- Episode no.: Season 2 Episode 3
- Directed by: Eric Laneuville
- Written by: Matthew V. Lewis
- Production code: 203
- Original air date: October 4, 2011

Guest appearances
- Joanna Cassidy as Joan Hunt; Cliff Curtis as Special Agent Derek Ames; Stephen Barker Turner as Tom Parker; Keira Naughton as Jennifer Parker; Slaine as Kevin Roban; Nicole Callender as Helen Marti;

Episode chronology
| ← Previous "Hunting Party" | Next → "Lazarus Man" |
- Body of Proof (season 2)

= Missing (Body of Proof) =

"Missing" is the third episode of the second season of the American medical drama Body of Proof. It was originally broadcast in the United States on ABC on October 4, 2011. The episode was directed by Eric Laneuville and written by Matthew V. Lewis.

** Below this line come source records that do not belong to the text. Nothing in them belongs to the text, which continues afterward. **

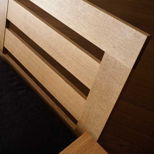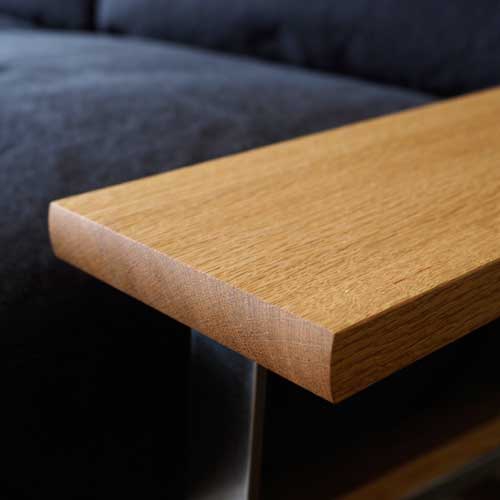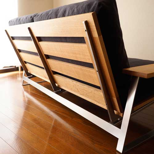 ミナトソファーの背板にはナラの無垢材を使い、支柱としてステンレスを組み合わせています。表も裏もちゃんと仕上げてあります。そして背のクッションなしでも使えるよう設計しました。夏にはより涼しげな感じで使えます。また座面の奥行きが増すのであぐらをかいて座ったりと使い勝手も広がります。
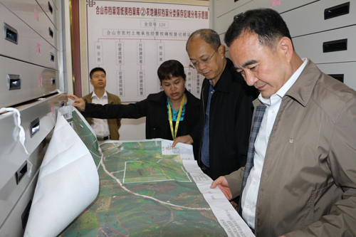 图为自治区档案局局长黎富文(右一)检查指导农村土地确权档案工作。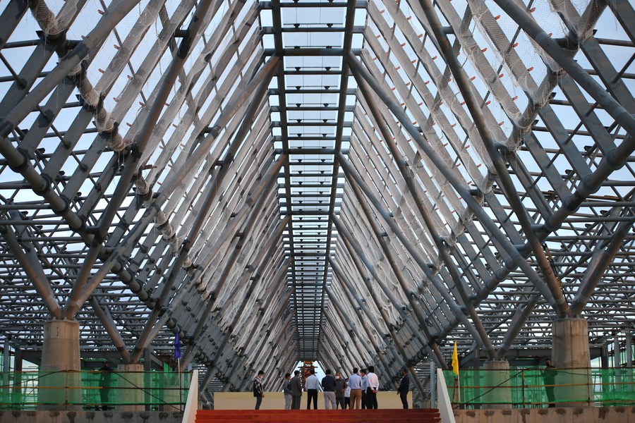 Photo taken on April 3, 2022 shows the steel structure of Chinese-invested Siem Reap Angkor International Airport in Sotr Nikum district, about 40 km from the UNESCO listed Angkor Archaeological Park and 50 km from Siem Reap provincial town, Cambodia. (Photo by Ly Lay/Xinhua)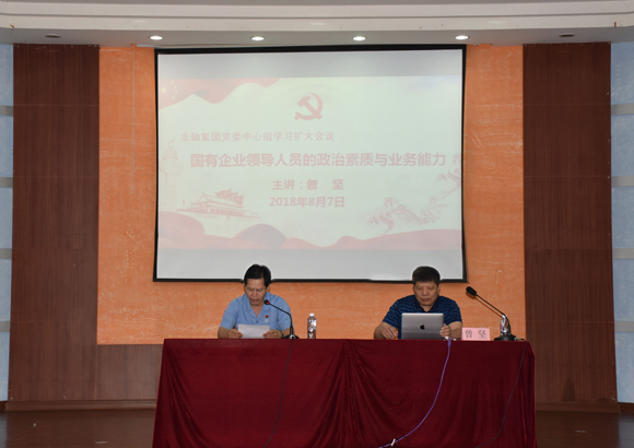2018年8月7日,集團黨委召開黨委中心組學習擴大會,邀請全國黨建研究會特邀研究員、國務院國資委直屬機關黨委原常務副書記曾堅作“國有企業領導人員的政治素質與業務能力”專題講座。會議由集團黨委書記、董事長曾凡沛主持,集團高管、黨委委員及紀委委員,各黨總支、黨支部書記及支部委員,中層以上管理人員參加會議。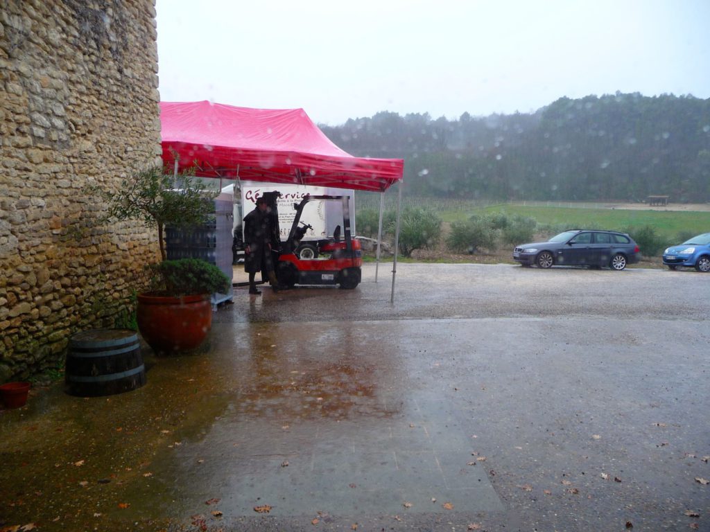 It was a three day job, with Manu bringing his efficient bottling truck to the domaine. The wine is pumped in, and empty bottles are added to the conveyor belt at one end. The bottles are washed, then filled with gas that is immediately replaced with wine (to avoid oxygen in the bottles). Add a cork and then they trundle along another belt to give the cork time to expand before being grabbed by us and placed 500 to a pallox (metal crate) on their sides.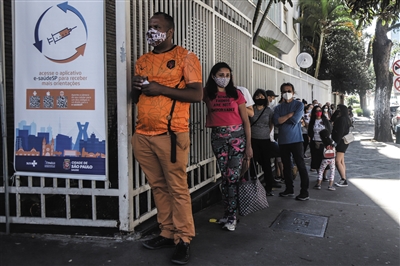 7月25日,市民在巴西圣保罗市一个疫苗接种点外排队。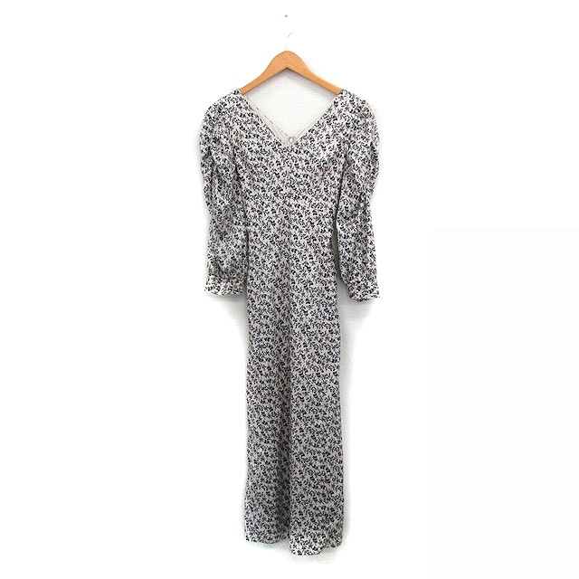 【中古】アンドクチュール AndCouture ワンピース 長袖 ロング Vネック 花柄 38 アイボリー 白 /KT18 レディース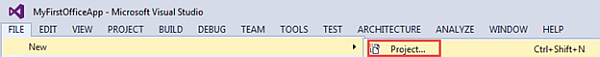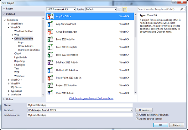 - Select “App for Office” from the installed templates, enter a name for the app and then click on the Ok button.
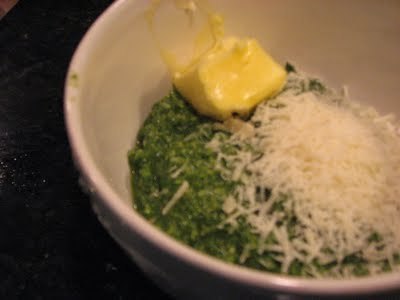Ms. Hazan instructs us to scoop the basil paste into a bowl and incorporate 1/2 cup of freshly grated parmigiano-reggiano and two tablespoons of romano cheese into the pesto. And then, two - three tablespoons of room temperature butter. BUTTER!!!!!!!!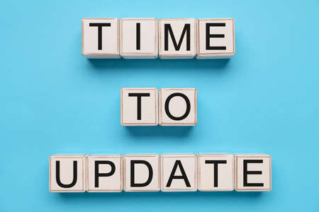Text TIME TO UPDATE made of cubes on light blue background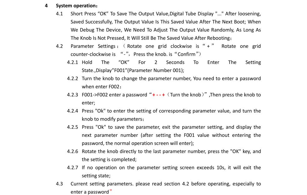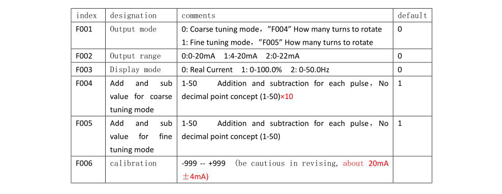 - Minimum knob adjustment number 0.01mA: the last number plus or minus 1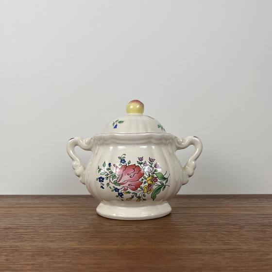 Ce sucrier en faïence fine de la célèbre manufacture de Lunéville, datant de 1887, présente le décor caractéristique "Réverbère", avec ses délicats motifs floraux et ses couleurs vives.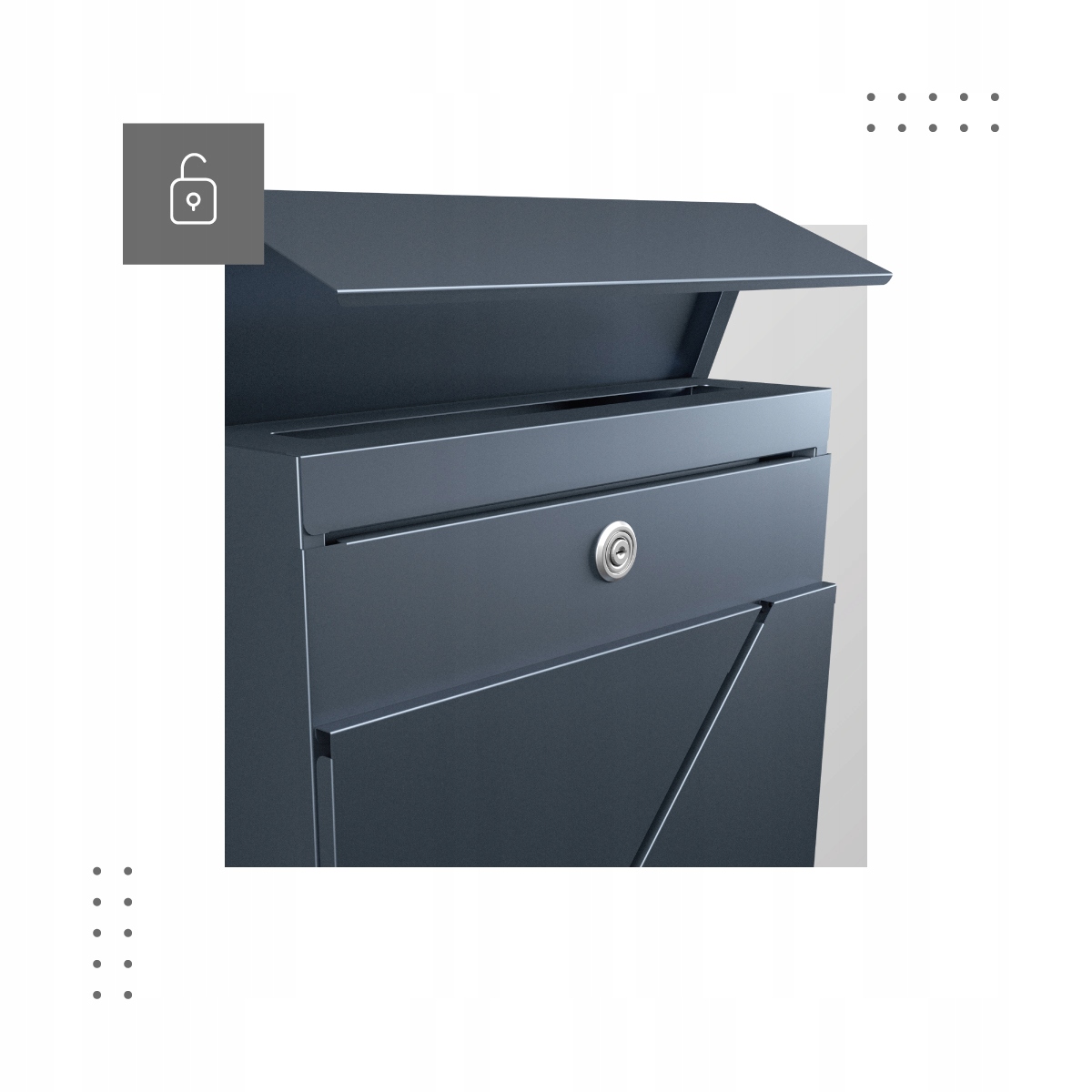 Замок спрятан под верхней крышкой, поэтому он не заметен, но остается удобным для пользователя. Ключевой замок защищает корреспонденцию от посторонних лиц.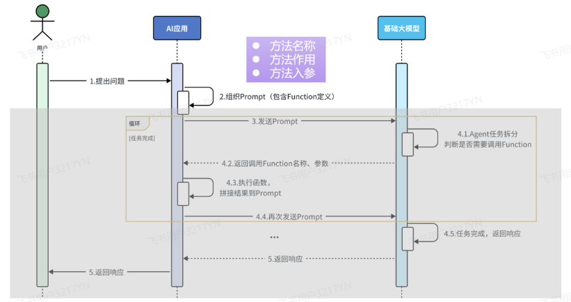 这里需要注意的是由于在一次任务的处理过程中可能需要根据顺序调用多个函数,所以当大模型接收到AI应用发送的数据继续拆解任务,如果发现还需要调用其他的函数,则会重复4.1~4.4这几个步骤,直到无需调用函数,最终把生成的结果响应该AI应用,并由AI应用发送给用户。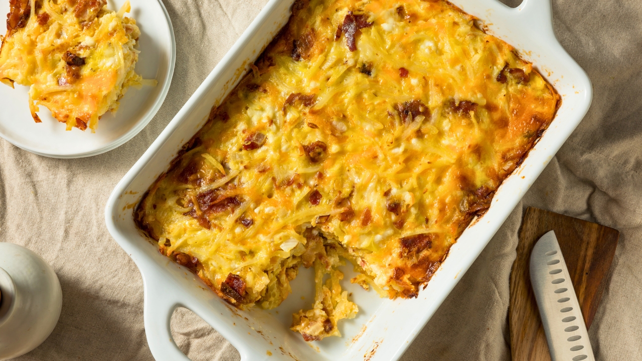 Egg casseroles are perfect for nights you’re low on groceries but still need something filling. Whisk eggs with milk, add cheese, leftover meats (like sausage or ham), and any vegetables you have on hand. Pour over cubed bread or hash browns in a dish and bake. It’s a good way to use up the last bits of cheese and produce sitting in the fridge.

Following Megan Hunt (Dana Delany), a former neurosurgeon turned medical examiner at Philadelphia, in this episode, Helen Martin (Nicole Callender) is run over by a speeding truck whilst trying to stop the kidnapping of Noah Parker (Anthony Pierini). With the help of FBI agent Derek Ames (Cliff Curtis), Detective Bud Morris (John Carroll Lynch) tries to find the culprits of the kidnapping before the child dies. Meanwhile, Megan has to relive the death of her father, when her mother Joan (Joanna Cassidy) visits.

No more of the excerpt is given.